The Washington State Insurance Commission reports that Jasmine Grothen, 25, of Longview is pleading guilty to filing a false insurance claim. They say that Grothen committed fraud in October of last year, after her uninsured 2011 Volkswagen Jetta was stolen and crashed. After recovering her car, Grothen bought insurance, then submitted a claim for nearly $12,000, giving the company a false collision date, along with a bogus story on the circumstances. After entering her guilty plea in Cowlitz County Superior Court, Grothen was sentenced to 80 hours of community service, and she also owes $1,800 in fines and fees.
You’ll probably want to avoid Minor Road today and tomorrow, as the City of Kelso continues a reconstruction project in that area. Advanced Excavating Specialists of Longview is the contractor on the project, and they plan to pave the project area today and tomorrow. City officials say that Minor Road will be closed for “extended periods” while this paving is under way; the closures will affect through traffic, along with access to Burcham Street. Detours will be posted, and there will also be temporary traffic control measures in the area. City officials say that they’re working to minimize inconveniences, but you should use alternate routes to void congestion and delay.

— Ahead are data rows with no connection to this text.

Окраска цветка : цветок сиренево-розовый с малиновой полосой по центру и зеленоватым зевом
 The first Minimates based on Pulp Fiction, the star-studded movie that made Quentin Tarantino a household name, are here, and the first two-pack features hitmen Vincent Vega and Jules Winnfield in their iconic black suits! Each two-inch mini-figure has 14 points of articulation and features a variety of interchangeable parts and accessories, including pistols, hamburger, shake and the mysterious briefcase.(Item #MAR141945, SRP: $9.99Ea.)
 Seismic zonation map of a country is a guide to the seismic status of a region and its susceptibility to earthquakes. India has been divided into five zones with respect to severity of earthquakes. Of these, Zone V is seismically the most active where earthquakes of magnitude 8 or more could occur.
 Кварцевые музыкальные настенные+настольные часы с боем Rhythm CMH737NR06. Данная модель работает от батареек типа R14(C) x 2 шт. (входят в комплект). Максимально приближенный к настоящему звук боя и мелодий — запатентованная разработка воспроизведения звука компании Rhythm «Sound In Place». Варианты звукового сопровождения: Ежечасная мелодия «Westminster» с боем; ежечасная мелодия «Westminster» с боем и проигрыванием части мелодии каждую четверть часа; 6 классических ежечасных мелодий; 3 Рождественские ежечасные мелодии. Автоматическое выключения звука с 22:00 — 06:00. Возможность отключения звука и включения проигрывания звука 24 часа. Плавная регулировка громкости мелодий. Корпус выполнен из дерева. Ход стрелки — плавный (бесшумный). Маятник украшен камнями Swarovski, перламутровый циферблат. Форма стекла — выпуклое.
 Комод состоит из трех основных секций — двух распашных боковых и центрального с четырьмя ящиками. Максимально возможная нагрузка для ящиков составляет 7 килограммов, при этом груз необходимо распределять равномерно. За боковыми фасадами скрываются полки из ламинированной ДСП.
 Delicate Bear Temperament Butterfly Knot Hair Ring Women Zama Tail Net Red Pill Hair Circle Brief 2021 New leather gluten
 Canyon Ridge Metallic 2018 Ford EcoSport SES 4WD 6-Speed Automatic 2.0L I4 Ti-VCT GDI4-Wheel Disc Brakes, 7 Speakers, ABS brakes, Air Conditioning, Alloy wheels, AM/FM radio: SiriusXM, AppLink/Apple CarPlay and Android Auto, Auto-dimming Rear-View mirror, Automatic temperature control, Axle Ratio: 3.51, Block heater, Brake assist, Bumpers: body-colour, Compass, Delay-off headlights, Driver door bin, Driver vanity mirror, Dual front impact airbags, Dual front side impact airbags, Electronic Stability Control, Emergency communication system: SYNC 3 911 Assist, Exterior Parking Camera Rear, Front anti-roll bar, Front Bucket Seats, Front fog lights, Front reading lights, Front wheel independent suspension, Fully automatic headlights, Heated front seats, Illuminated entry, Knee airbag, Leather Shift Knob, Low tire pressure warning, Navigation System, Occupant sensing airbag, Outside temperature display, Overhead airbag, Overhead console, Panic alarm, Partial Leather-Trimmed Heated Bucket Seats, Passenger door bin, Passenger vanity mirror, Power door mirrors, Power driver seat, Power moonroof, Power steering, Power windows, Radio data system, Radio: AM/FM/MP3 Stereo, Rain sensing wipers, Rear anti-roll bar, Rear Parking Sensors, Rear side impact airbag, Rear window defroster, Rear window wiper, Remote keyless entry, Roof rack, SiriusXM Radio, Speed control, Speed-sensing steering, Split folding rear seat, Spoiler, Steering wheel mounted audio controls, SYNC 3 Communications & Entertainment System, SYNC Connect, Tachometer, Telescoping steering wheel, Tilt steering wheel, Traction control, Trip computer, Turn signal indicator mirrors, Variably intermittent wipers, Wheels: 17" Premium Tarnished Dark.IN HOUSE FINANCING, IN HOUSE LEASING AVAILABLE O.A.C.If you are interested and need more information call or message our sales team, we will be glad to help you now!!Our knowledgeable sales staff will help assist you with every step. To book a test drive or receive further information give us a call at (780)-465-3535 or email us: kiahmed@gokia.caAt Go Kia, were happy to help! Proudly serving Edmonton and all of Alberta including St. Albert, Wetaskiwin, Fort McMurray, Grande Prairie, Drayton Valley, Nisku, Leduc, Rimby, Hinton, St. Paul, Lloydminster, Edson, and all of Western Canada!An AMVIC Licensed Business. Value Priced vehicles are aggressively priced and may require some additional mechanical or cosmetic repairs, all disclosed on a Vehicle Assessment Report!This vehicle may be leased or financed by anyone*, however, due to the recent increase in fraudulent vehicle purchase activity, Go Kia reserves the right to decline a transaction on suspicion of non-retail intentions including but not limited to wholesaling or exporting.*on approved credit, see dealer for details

There’s still no official word on what caused Saturday morning’s power outage that affected the Clatskanie and Rainier areas. Power went out at about 10:30 Saturday morning, affecting a large swath of Columbia County. Clatskanie PUD officials say that it was actually a Bonneville Power Administration issue, when a main transmission line failed. The outage nearly caused the Stageworks Northwest production of “The War of the Worlds” to be done in the dark, but the cast lived up to the adage “The show must go on!”, getting battery-powered lights to see their scripts. Power was restored around noon, and they didn’t need flashlights to be able to see the show.
Washington Fish and Wildlife reports that the razor clam dig that had been planned for this weekend is on, after the latest tests show that the clams are safe to eat. Coastal Shellfish Manager Dan Ayres says that Long Beach and Twin Harbors will be open for digging on the evening tides, this Friday, Saturday and Sunday. Ayres says that the latest testing on clams at Mocrocks and Copalis shows that they meet safety thresholds, but they want another round of testing before opening those beaches. Friday’s low tide is at about 6:45 pm, Saturday’s is around 7:30 pm, and Sunday’s is around 7:15 pm. Be sure to have your current shellfish license.
While restrictions on salmon fishing on the Columbia River continue, rules on warmwater fishing are being relaxed. Through the end of the year, night fishing for species like bass, walleye and burbot will be allowed at night. Starting last Saturday and running through December 31st, the main stem of the river will be open for warmwater species night fishing, going from Buoy 10 at the mouth to the old Hanford Townsite power lines. Closures for salmon and other migratory species remain in place; fishery managers say that they do NOT expect these changes to result in a higher mortality for steelhead.